# The data
#####

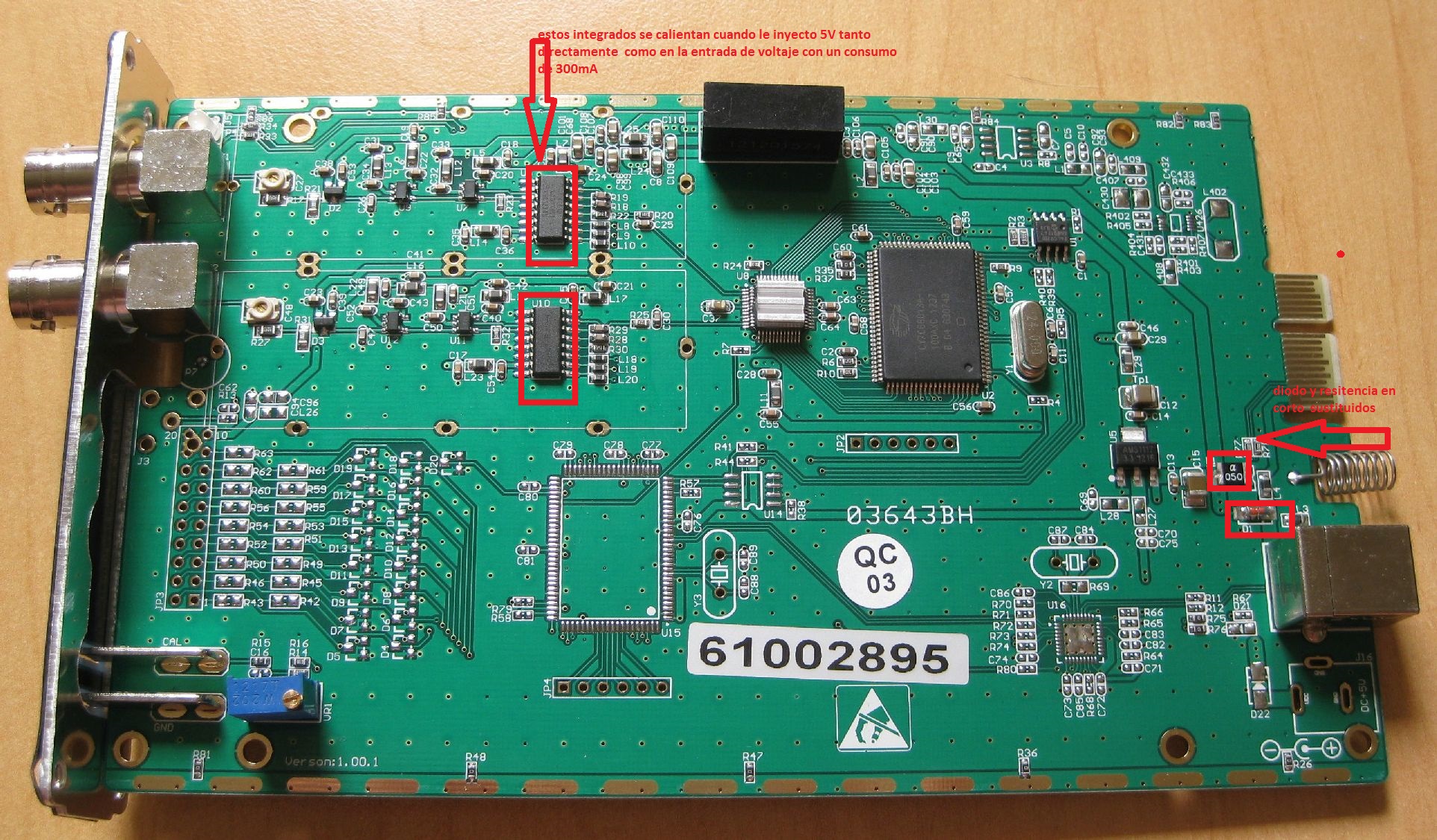 Injection 5V (With regulated source) at the input and gives me a consumption of 300 mAh and two integrated with 74HC4051 license plate (multiplexer and demultiplexer) are heated, each of these integrated corresponds to the input of the oscilloscope probes
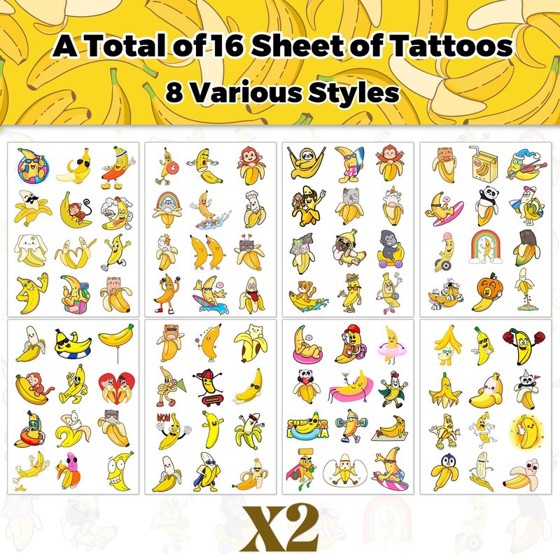 1 pack of 16 sheets of cartoon banana temporary tattoos featuring 8 unique designs. Each tattoo sticker offers a fun and playful design to brighten your day. <br><br>
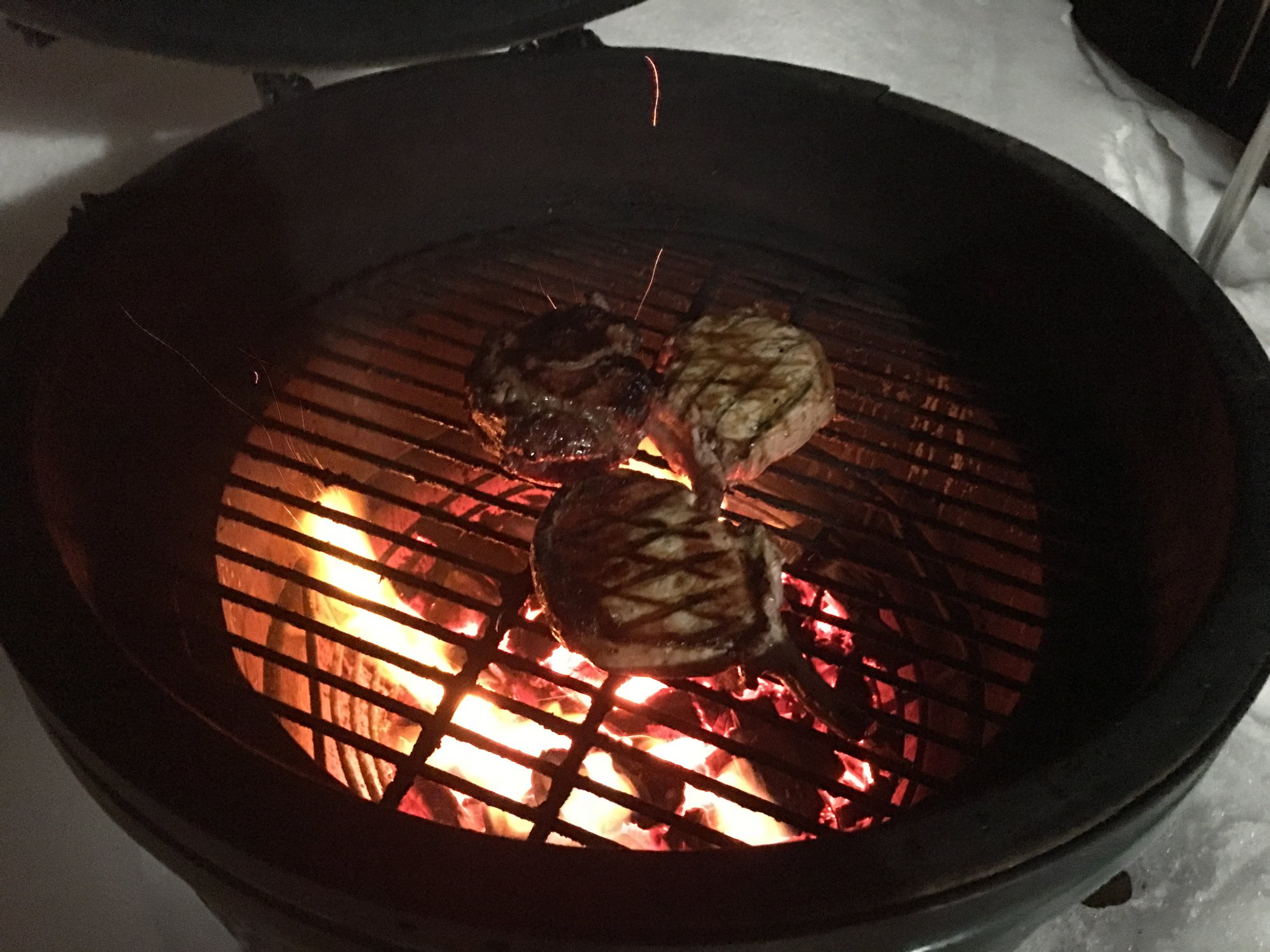 Ribeye cap for me, pork chop for SWMBO.

#####

# What to produce
Every line of the listing above is to be repeated exactly, with its pictures left out.

# Solved exercise
 Injection 5V (With regulated source) at the input and gives me a consumption of 300 mAh and two integrated with 74HC4051 license plate (multiplexer and demultiplexer) are heated, each of these integrated corresponds to the input of the oscilloscope probes
 1 pack of 16 sheets of cartoon banana temporary tattoos featuring 8 unique designs. Each tattoo sticker offers a fun and playful design to brighten your day. <br><br>
 Ribeye cap for me, pork chop for SWMBO.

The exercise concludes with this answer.